Add FusedLinearCrossEntropy to Gemma #111

Luke-Chesley · 2024-08-26T21:25:29Z

Summary

This PR adds FusedLinearCrossEntropy support for gemma to resolve
issue #101.

Details

I based the code in this PR off of #93 which does the same thing for Mistral.

Since the parameters fused_linear_cross_entropy and cross_entropy cannot both be true, fused_linear_cross_entropy has to be explicitly set to False in test_mini_models.py, to avoid failing convergence
test due to setting both True.
In test_mini_models_no_logits.py, I add two extra tests for gemma to ensure that FusedLinearCrossEntropy part in gemma is tested.

Testing Done

Hardware Type: NVIDIA A100-SXM4-80GB
run make test to ensure correctness
run make checkstyle to ensure code style
run make test-convergence to ensure convergence

Fixing ~/Liger-Kernel/test/convergence/test_mini_models_no_logits.py
Skipped 1 files
reformatted /home/luke/Desktop/Liger-Kernel/src/liger_kernel/transformers/model/gemma.py
reformatted /home/luke/Desktop/Liger-Kernel/src/liger_kernel/transformers/monkey_patch.py
reformatted /home/luke/Desktop/Liger-Kernel/test/convergence/test_mini_models_no_logits.py

All done! ✨ 🍰 ✨
3 files reformatted, 51 files left unchanged.
make: *** [Makefile:14: checkstyle] Error 1
luke@luke:~/Desktop/Liger-Kernel$ 


root@C.12106734:~/Liger-Kernel$ make test
python -m pytest --disable-warnings test/ --ignore=test/convergence
======================================================= test session starts =======================================================
platform linux -- Python 3.11.9, pytest-8.3.2, pluggy-1.5.0
rootdir: /root/Liger-Kernel
plugins: hypothesis-6.108.4, anyio-4.4.0
collected 130 items                                                                                                               

test/transformers/test_cross_entropy.py ..........................................................                          [ 44%]
test/transformers/test_fused_linear_cross_entropy.py ......                                                                 [ 49%]
test/transformers/test_geglu.py ........                                                                                    [ 55%]
test/transformers/test_rms_norm.py ................................                                                         [ 80%]
test/transformers/test_rope.py ............                                                                                 [ 89%]
test/transformers/test_swiglu.py ........                                                                                   [ 95%]
test/transformers/test_trainer_integration.py ...                                                                           [ 97%]
test/transformers/test_transformers_monkey_patch.py .                                                                       [ 98%]
test/triton/test_triton_monkey_patch.py ..                                                                                  [100%]

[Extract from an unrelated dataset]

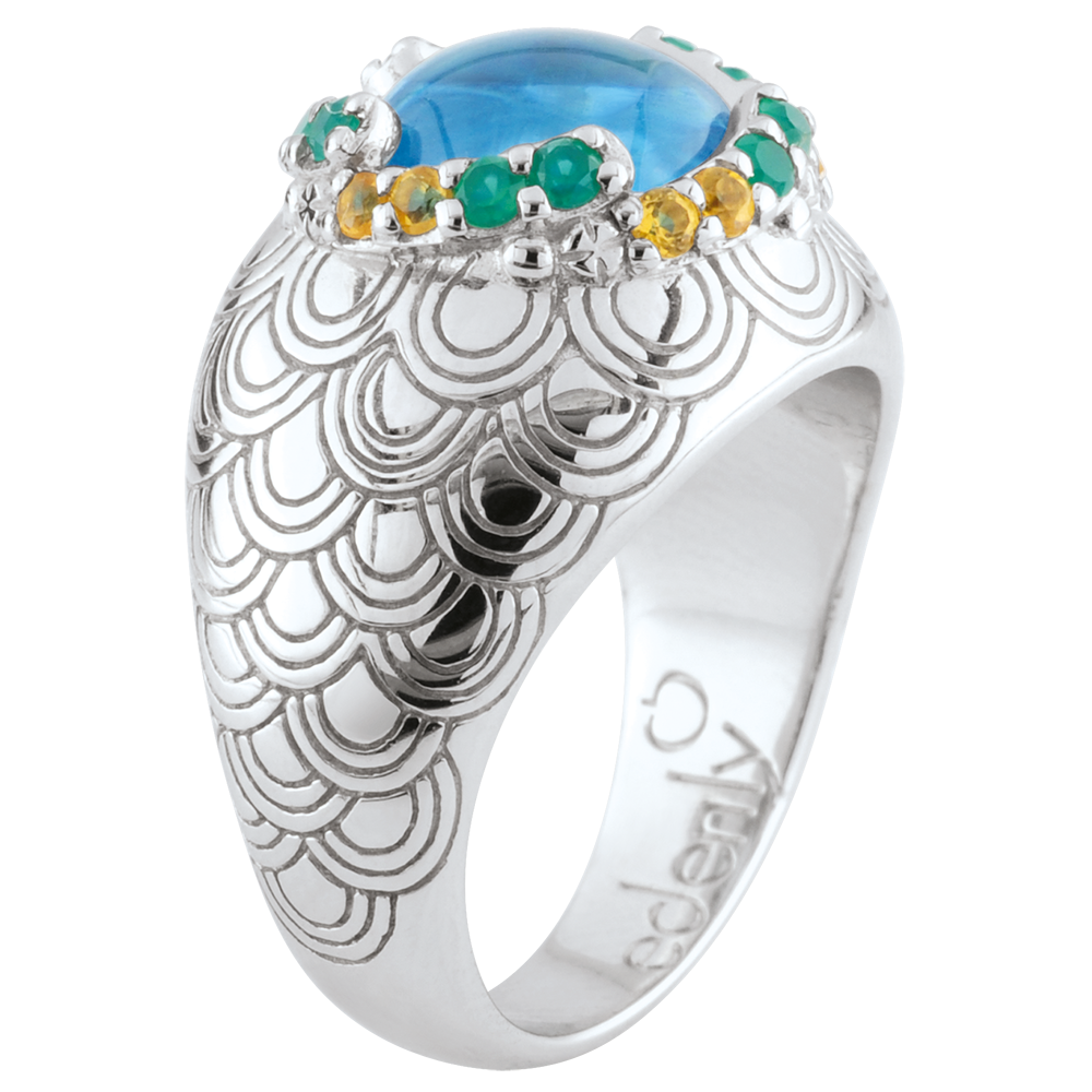 - Harmonieuze combinatie van edelstenen: blauwe topaas, citrien en groene agaat.

====================================================== 130 passed in 44.12s =======================================================



root@C.12106734:~/Liger-Kernel$ make test-convergence
HF_DATASETS_OFFLINE=1 python -m pytest --disable-warnings test/convergence
======================================================= test session starts =======================================================
platform linux -- Python 3.11.9, pytest-8.3.2, pluggy-1.5.0
rootdir: /root/Liger-Kernel
plugins: hypothesis-6.108.4, anyio-4.4.0
collected 14 items                                                                                                                

test/convergence/test_mini_models.py ........                                                                               [ 57%]
test/convergence/test_mini_models_no_logits.py ......                                                                       [100%]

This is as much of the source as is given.